Frage: Viele Leute haben ihre Joysticks ruiniert beim Rütteln. Ist dir das auch passiert?
Landgraf: Beim Testen habe ich ihn nicht kaputt gemacht. Aber bei der Bundeswehr haben wir mal eine Runde gespielt, und am nächsten Morgen war der Joystick hin. Aber das hatte wohl eher was mit dem Alkohol zu tun.
Frage: Spielst du heute noch Videospiele?
Landgraf: Ja, schon. Zurzeit spiele ich sehr viel "World Of Warcraft".
Frage: Gibt es da auch Sex?
Landgraf: Nein, ich glaube, das wird explizit ausgeblendet. Obwohl jetzt zwei Gilden-Mitglieder von mir heiraten wollen. Aber ob die dann auch Sex haben werden ...
Frage: Hast du die Aufregung um die "Hot Coffee"-Mod für "GTA" mitbekommen?
Landgraf: Nein, aber ich habe damals selbst eine Abmahnung bekommen von der Stelle für jugendgefährdende Schriften.
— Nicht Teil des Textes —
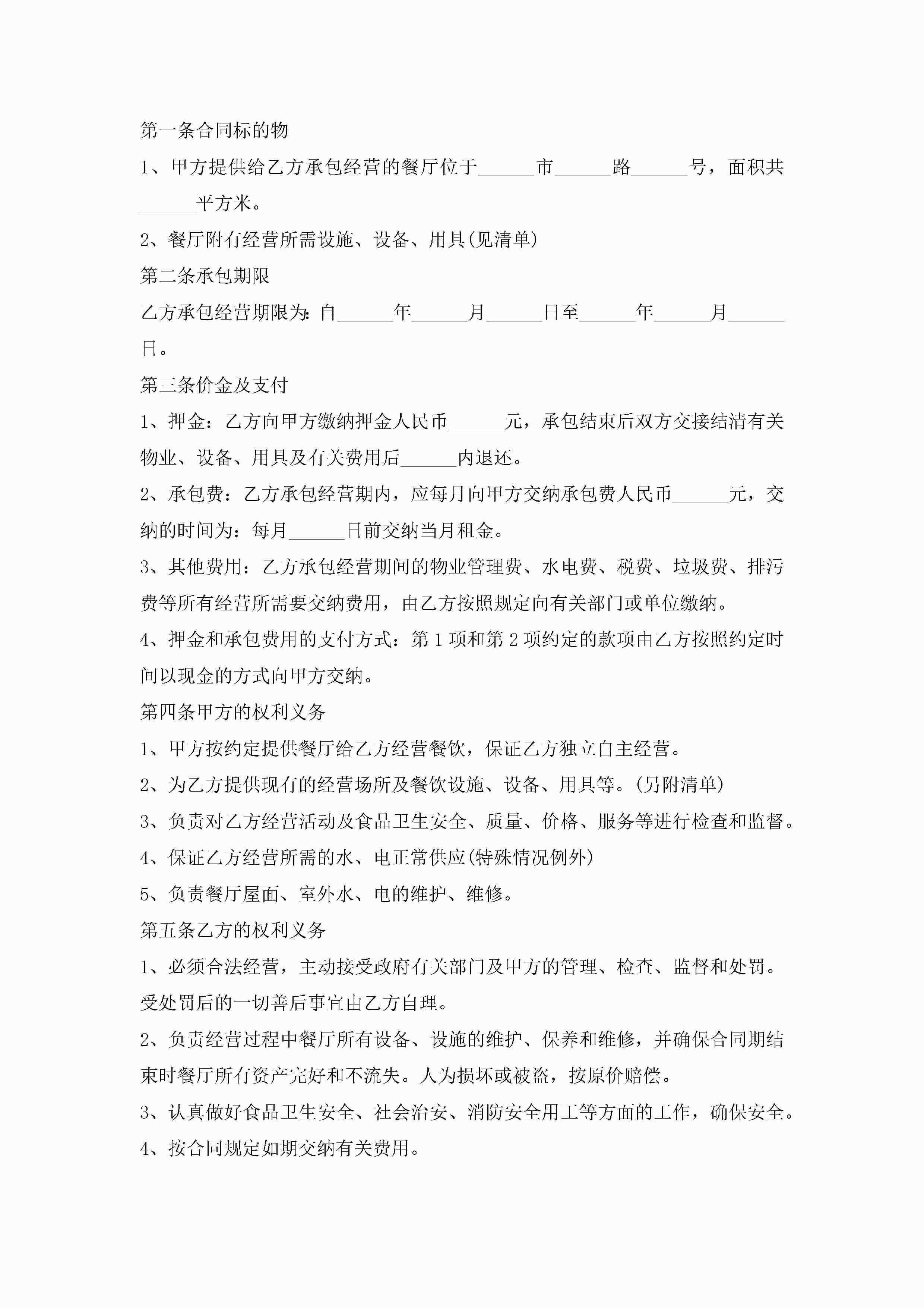 食堂承包合同协议书范本5篇jugei3月23日 01:35发布关注270 食堂承包合同协议书范本5篇此内容为付费资源,请付费后查看¥10.9 单篇文档限时特惠¥15个人会员开通企业会员开通立即下载无需登陆!可直接快捷下载单个模板付费资源© 版权声明THE ENDWord模板# 实用文档# 实用模板# 合同模板# 承包合同 如有问题,可点击最底部“联系我们”联系客服 分享QQ空间微博QQ好友海报分享复制链接收藏

Das war Jahre später, da war der 64er gar nicht mehr angesagt. Ganz formell per Brief von der Behörde wurde ich informiert, dass das Spiel "Sex Games" jetzt auf der Liste der jugendgefährdenden Schriften steht.
Frage: Aber eine Strafe musstest du nicht zahlen?
Landgraf: Nein, nein, es ist ja nicht verboten, so was zu machen, es ist nur verboten, das an die falschen Leute rauszugeben. Viel später habe ich noch mal einen Brief von der Polizei bekommen. Die hatten einen Raubkopierer hochgenommen, und ich als Geschädigter sollte mich dazu äußern. Davon habe ich aber abgesehen, ein finanzielles Interesse hatte ich ja sowieso nie.